Eating disorders, personality disorders, obsessive-compulsive disorders and anxiety disorders are classified as unfavorable factors. In these patients, the cause of the symptoms must be determined so that a change in the state of health and relief can take place.
Without treatment, the prognosis for dysthymia is poor. The signs of the disease are difficult to see and often develop over a long period of time. Often a chronic development develops over several years in the course of which a depression also develops.
The symptoms of the then occurring double depression vary in their intensity and in the duration of the occurrence. Phases of remission are possible, but not permanent. The suicide risk of these patients is increased and is 10%.
In around 40% of those affected, dysthymia develops into severe depression as the disease progresses. This alleviates the prospect of a cure and in most cases leads to long-term discomfort. The prognosis improves as soon as the patient uses psychotherapy and drug treatment.
It is not uncommon for depression to result from too much stress and excessive demands.

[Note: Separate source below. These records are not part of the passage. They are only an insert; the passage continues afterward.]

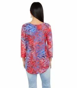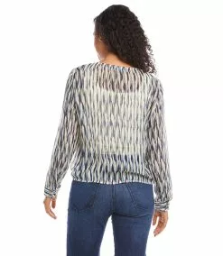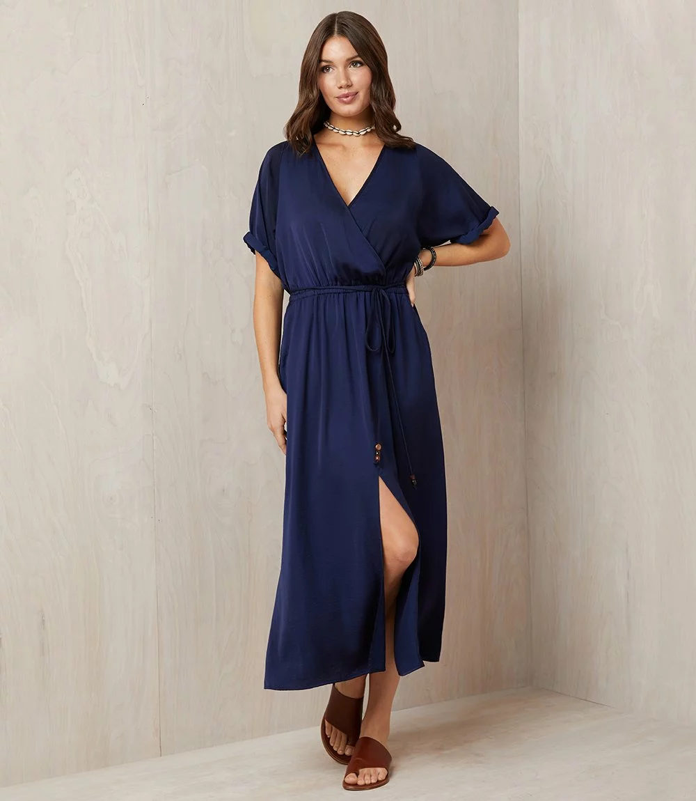 Indulgently smooth, this breezy dress features extended roll sleeves and a front-slit hem. Cinched at the waist for a uniquely tailored look. Belted tie includes wood and resin tiger’s eye beads.
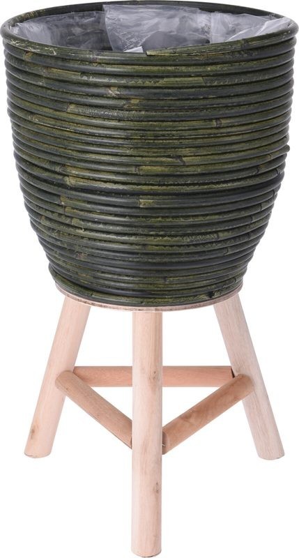 Květináč ratanový na dřevěné noze 24,5 x 41 cm zelená
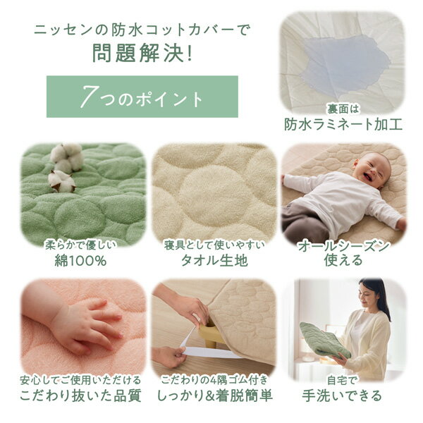《11/27 1:59まで!P5倍×クーポン》コット用 防水シーツ 洗える防水/綿100%タオル地汗取り敷きパッド(Coco.Fa)60×101cm 60×134cm コット コット用カバー 保育園 幼稚園 お昼寝 名前ラベル 入園準備 おねしょ トイトレ 防水 裏面防水 綿100 nissen ニッセン
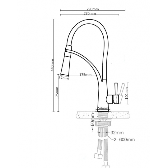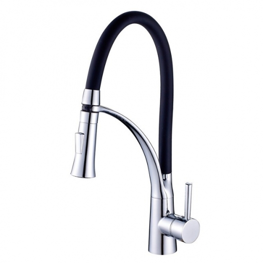 Baterie lebada inalta ,dispune de o serie de functii speciale cum ar fi: pipa flexibila imbracata in silicon pentru o rezistenta marita, suport tija flexibila solid cu sistem de prindere, perlator 2 functii cu buton (jet spray si normal).
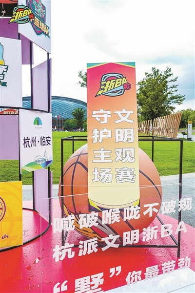 2025浙江省城市篮球联赛(浙BA)杭州赛区决赛赛场内外的标语。在2025CBA总决赛赛场外,市民自发参与文明观赛志愿服务。12月7日,2025-2026中国羽毛球俱乐部超级联赛第5至7轮比赛在...
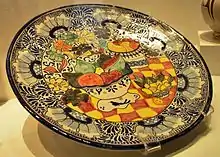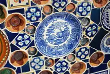 The Mexican pottery is a type of majolica (faience) or tin-glazed earthenware, with a white base glaze typical of the type.[2] It comes from the town of San Pablo del Monte (in Tlaxcala) and the cities of Puebla, Atlixco, Cholula, and Tecali (all these four latter in the state of Puebla), because of the quality of the natural clay found there and the tradition of production which goes back to the 16th century.[3] Much of this pottery was decorated only in blue, but colors such as yellow, black, green, orange and mauve have also been used.[4] Majolica pottery was brought to Mexico by the Spanish in the first century of the colonial period. Production of this ceramic became highly developed in Puebla because of the availability of fine clays and the demand for tiles from the newly established churches and monasteries in the area. The industry had grown sufficiently that by the mid-17th century, standards and guilds had been established which further improved the quality, leading Puebla into what is called the "golden age" of Talavera pottery (from 1650 to 1750).[3] Formally, the tradition that developed there is called Talavera Poblana to distinguish it from the similarly named Talavera pottery of Spain. It is a mixture of Italian, Spanish and indigenous ceramic techniques.[2]
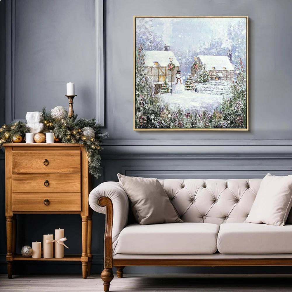 24X24 Inch Christmas Canvas Wall Art, Hand-Painted Framed Christmas Wall Art, Sn
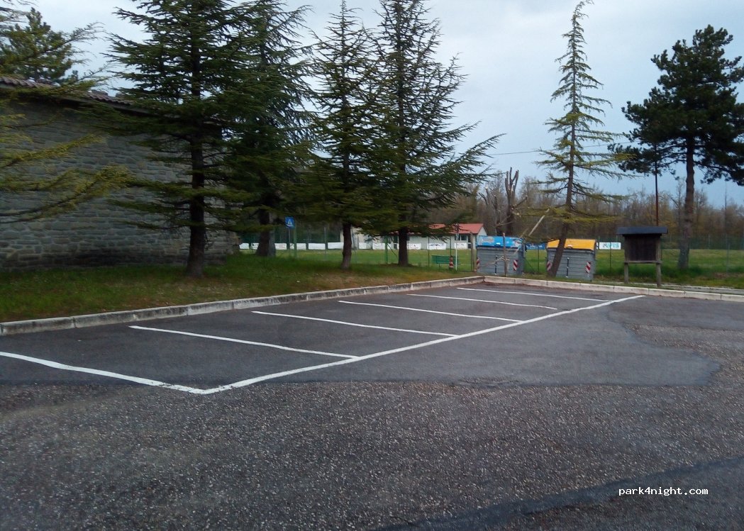 posto tranquillo. parzialmente ombreggiato. a pochi passi trattoria. buon posto per sosta anche notturna. nessun servizio é il parcheggio del cimitero. alcuni stalli sono in piano.
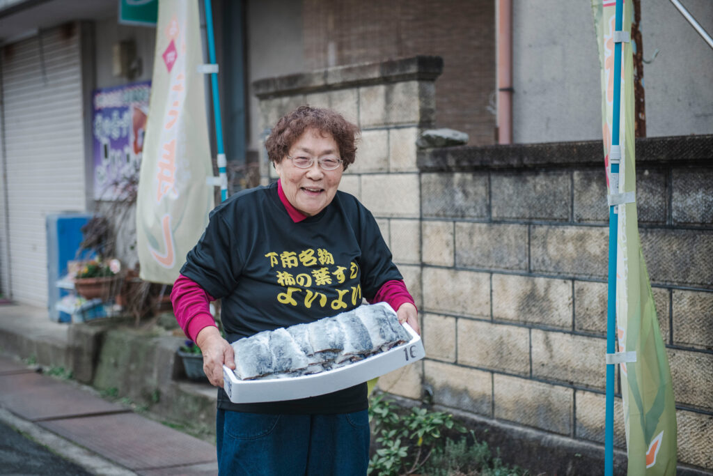 「最初の頃はお弁当と柿の葉すしを少しずつ売っていました。始めたのが平成元年のことですからもう30何年前になるかな」手作り本舗 柿の葉すし よいよいの西村富代さんが本格的に柿の葉すしを専門にし始めたのは12〜13年前からだとか。「当時は近くに工場があって、そこに女工さんが100人ほどいました。その人達がお弁当を買いに来てくれた時、柿の葉すしを作って味を見てもらったんです。何回もやりとりをして、あるときに『あ!おばちゃんこの味、おいしい』と教えてくれたのが、今の味です。うちはどちらかというと甘口と思います」
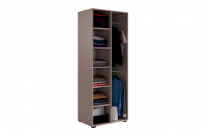 Шкаф оснащён длинными пластиковыми ручками и имеет удобное внутреннее наполнение: слева расположены полки, а справа — две штанги для вешалок. Это позволяет рационально использовать пространство и разместить различные типы одежды.
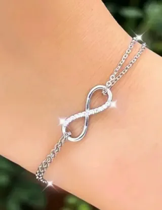 Elegante pulsera con diseño de infinito - Fabricada en PLATA de Ley con su contraste S925 . Con cadena doble - Cierre seguro de mosquetón - Con Circonitas en el infinito - En caja de regalo 🎁 NO negociable.
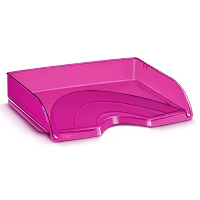 Elegantný odkladač s možnosťou vertikálneho stohovania alebo stohovania stupňovito dozadu. Široký otvor vpredu umožní ľahký prístup k dokumentom a ich triedenie. Je vhodný na dokumenty do veľkosti 24 × 32 cm. Celkové rozmery 341 × 265 × 65,4 mm, kapacita 420 listov (80 g / m²). Materiál 100% odolný vysokokvalitný plast. Väčšie balenie 10 ks. Farba transparentná ružová.
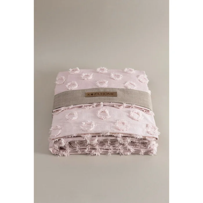 Sitra Powder Double Tassel Bedspread 230x250 2 Pillows 50x70 5032 This carefully crafted bedspread provides ample coverage with a generous size of 230x250 cm. The product set includes two 50x70 cm pillowcases. The elegant powder color adds calmness and elegance to your room. Thanks to its high-quality cotton content, it offers a soft and comfortable feeling. A bedspread effortlessly transforms your bedroom into a haven of tranquility, combining both comfort and aesthetics. Ideal for those looking for a tidy and stylish bedroom, the bedspread provides a polished and harmonious look. The circular tassel details on it reflect an original boho style and add a unique atmosphere to your room. The Sitra Double Tufted Bedspread is the perfect way to organize your bedroom and add a touch of style. Care Recommendation It is recommended to wash at 30 degrees. Bleaching should not be done. It does not require ironing. Lay-out drying is recommended. Dry cleaning should not be applied. Note: Actual colors may differ depending on lighting and monitor settings.
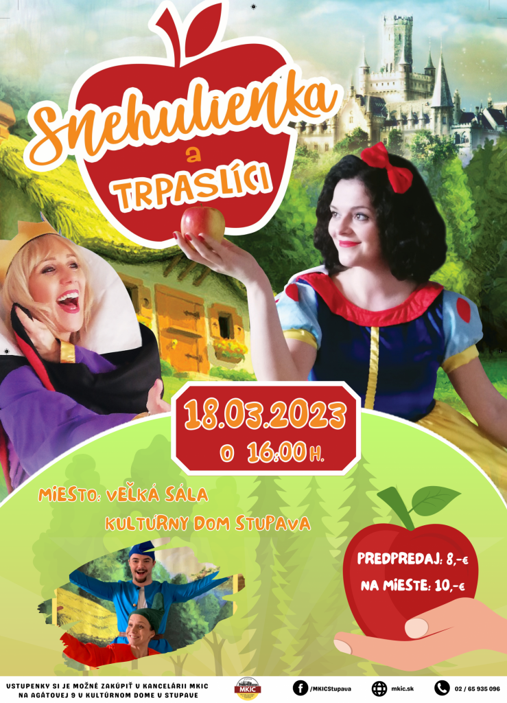 Čakajú vás veľkolepé spevácke a herecké výkony, mágia a čary, dych berúce napätie a samozrejme ešte Hapčí, Dudroš, Šťastko, Vedko, Spachtoš, Kýblik a ďalší roztomilí trpaslíci, ktorí sa s Vami budú interaktívne hrať!
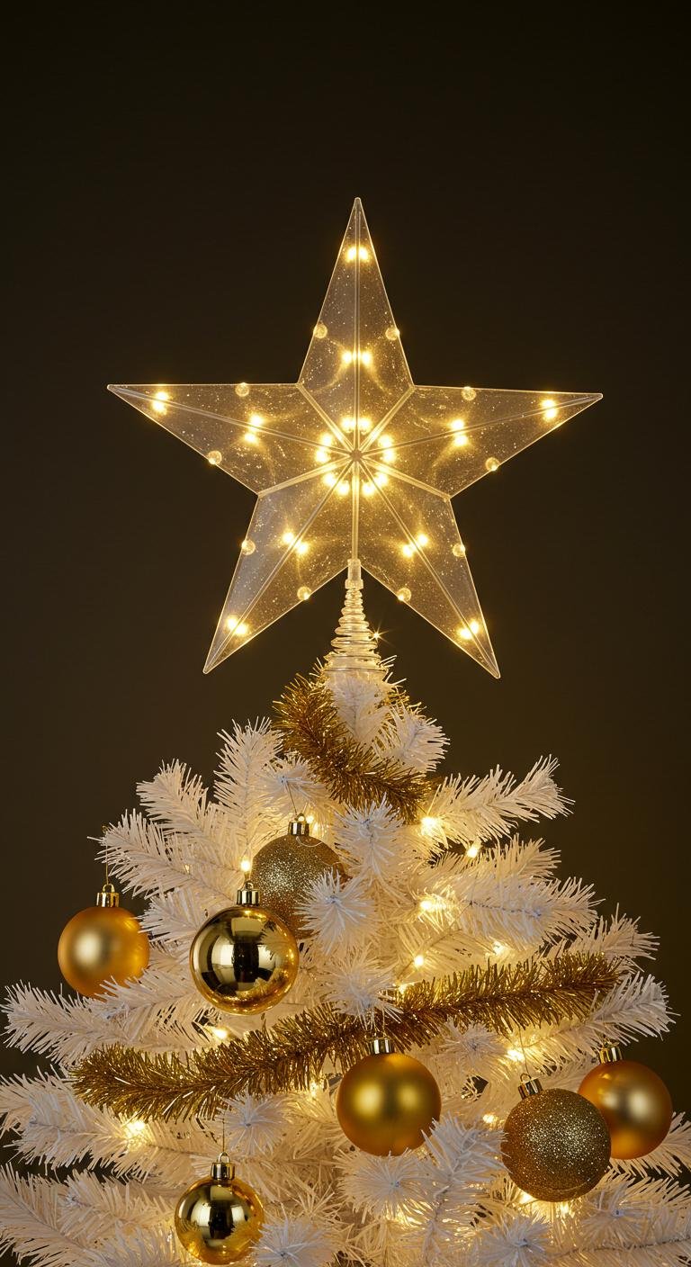 A striking tree topper truly crowns your masterpiece. Light-up stars or angels that blend with your white and gold palette are always winners. If you’re on a budget, get creative: transform a simple ornament with a decorative base or add sprigs of greenery for a custom look. It’s this personal touch that makes your tree feel extra special and memorable.
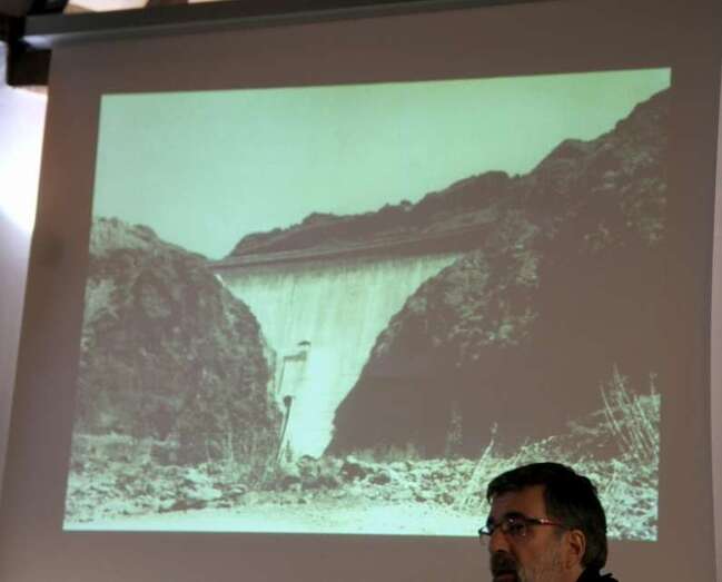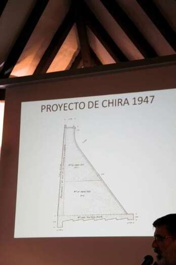 Decirles que aquí tenemos un estudio de las presas como no lo hay en las Islas Canarias. Las presas, piensen ustedes que en el año 1969, la isla de Gran Canaria se decía que tenía un pozo, por cada km2, es decir, del orden de 1.535 pozos. Pero en presas es la número 1 en toda Canarias, de hecho tiene más presas. Lo que llamamos, Grandes Presas, a partir de 15 metros el muro de cerramiento, no sólo en el número de presas por km2, en España es un referente, La Gomera y Gran Canaria. Las presas son muy importantes en la generación que viene en camino y no solo como almacén de agua, no sólo como recolectoras de sus propios cauces, el agua no es agua de lluvia sino de pozos y galerías también. Las presas del norte se utilizan como almacén. Aunque el futuro de las presas será el de la energía, Chira-Soria es un ejemplo más de los que podríamos tener en la isla, cuando el día de mañana la energía sea fotovoltaica, eólica, cambia de palabra renovable a alternativa, actualmente no son alternativas, eso en esta isla está resuelto utilizando nuestras presas. Muchas gracias”.
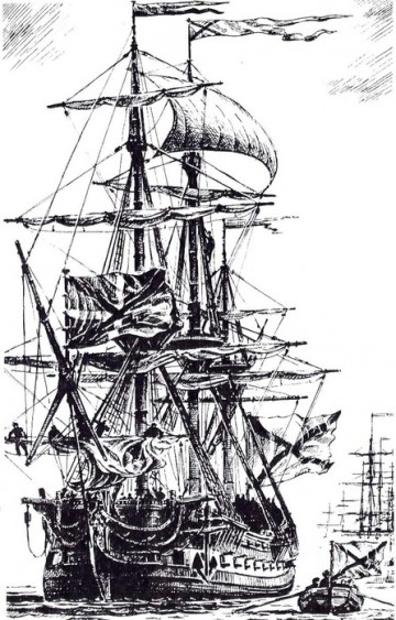 в 1696 году впервые русский флот принял участие в боевой операции, отрезав Азов от моря.
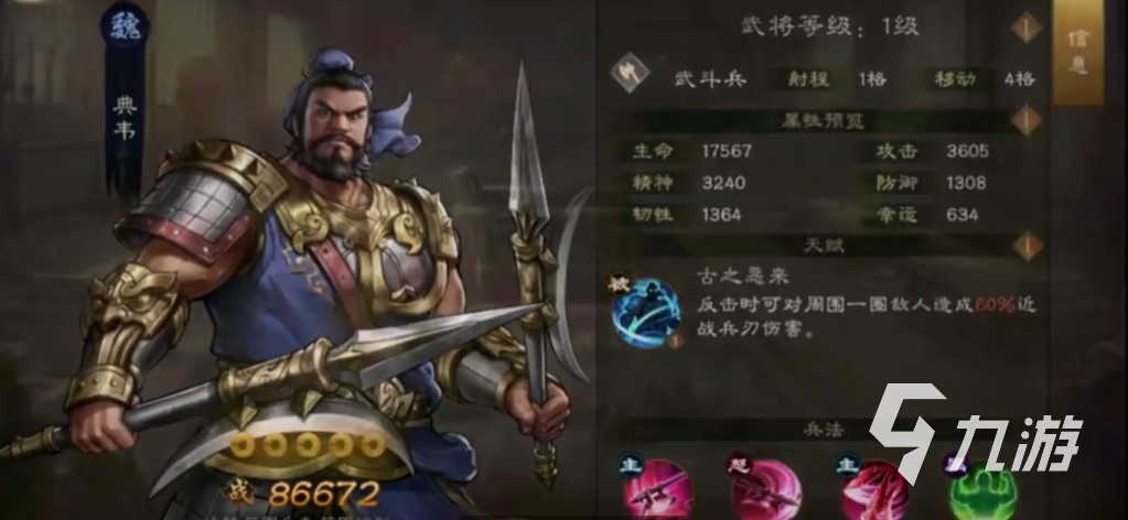 典韋這個(gè)武將一般都是作為坦克來(lái)使用的,但這并不就不能說(shuō)明該角色不厲害,實(shí)際上他也是魏國(guó)非常強(qiáng)勢(shì)的武將。主動(dòng)技能“逐虎躍澗”,立刻跳到指定的位置,隨后對(duì)周?chē)蝗Ψ秶鷥?nèi)所有敵方造成70%近戰(zhàn)兵刃傷害,并添加延續(xù)2回合的“緩兵”效果,如果目標(biāo)已經(jīng)被賦予了緩兵效果,則給敵人附加持續(xù)1回合的“禁足”效果,還會(huì)根據(jù)連擊率額外造成一段50%的傷害,本身這種技能效果就非常不錯(cuò),而在和夏侯搭配使用的情況下,還能提高該武將打出的傷害。作為團(tuán)戰(zhàn)的殺手,反擊和群傷能力還是很強(qiáng)的,更為適合在PVE當(dāng)中使用。

One prevention option is therefore to adequately deal with stressful situations. This can be learned through various methods such as mindfulness training, relaxation methods or through special stress management seminars. Unnecessary obligations should be reduced in favor of things that are enjoyable. Regular exercise is also said to have a preventive effect.
In the case of dysthymia, the person affected usually has only a few measures or options for follow-up care available, so that the person affected with this disease is primarily dependent on a quick and early diagnosis. It is above all the relatives and friends who have to persuade the person concerned to seek treatment, as otherwise the symptoms may worsen.
Self-healing does not occur in dysthymia, so treatment by a doctor is always necessary. In most cases, the person concerned is dependent on treatment by a psychologist, whereby various movement therapies can also alleviate the symptoms of dysthymia. Some of the exercises from these therapies can also be repeated at home by the person affected, thereby promoting healing.
Furthermore, taking medication can also alleviate these symptoms, whereby it is important to ensure the correct dosage and regular intake. In general, loving care and support from friends and family also have a positive effect on the course of dysthymia. The life expectancy of the patient is usually not negatively affected by the dysthymia.
In order to find joy in life again, people with dysthymia should first of all confide in a doctor or psychotherapist and discuss how to proceed with them. Seeking help is not a sign of weakness, but represents the first and decisive step towards effective treatment.
In addition to the therapy suggested by the doctor, a redesign of everyday life can counteract excessive demands and pressure to perform. Above all, this includes reducing the demands on yourself, taking regular breaks and cultivating your hobbies. Sport is ideal for relieving tension, strengthening self-esteem and experiencing a sense of achievement.
Exaggerated ambition is out of place, the focus must always be on the joy of movement. If stress cannot be avoided in professional life, for example, it will help to learn special techniques for coping with stress. It is also important to free yourself from unnecessary obligations and learn to say “no” without a remorse.
Social contacts must also not be neglected: regular conversations with friends and acquaintances, in which problems and feelings are not excluded, train social skills and help the soul to regain its balance. Joint activities provide support and create positive moments that can contribute significantly to overcoming dysthymia.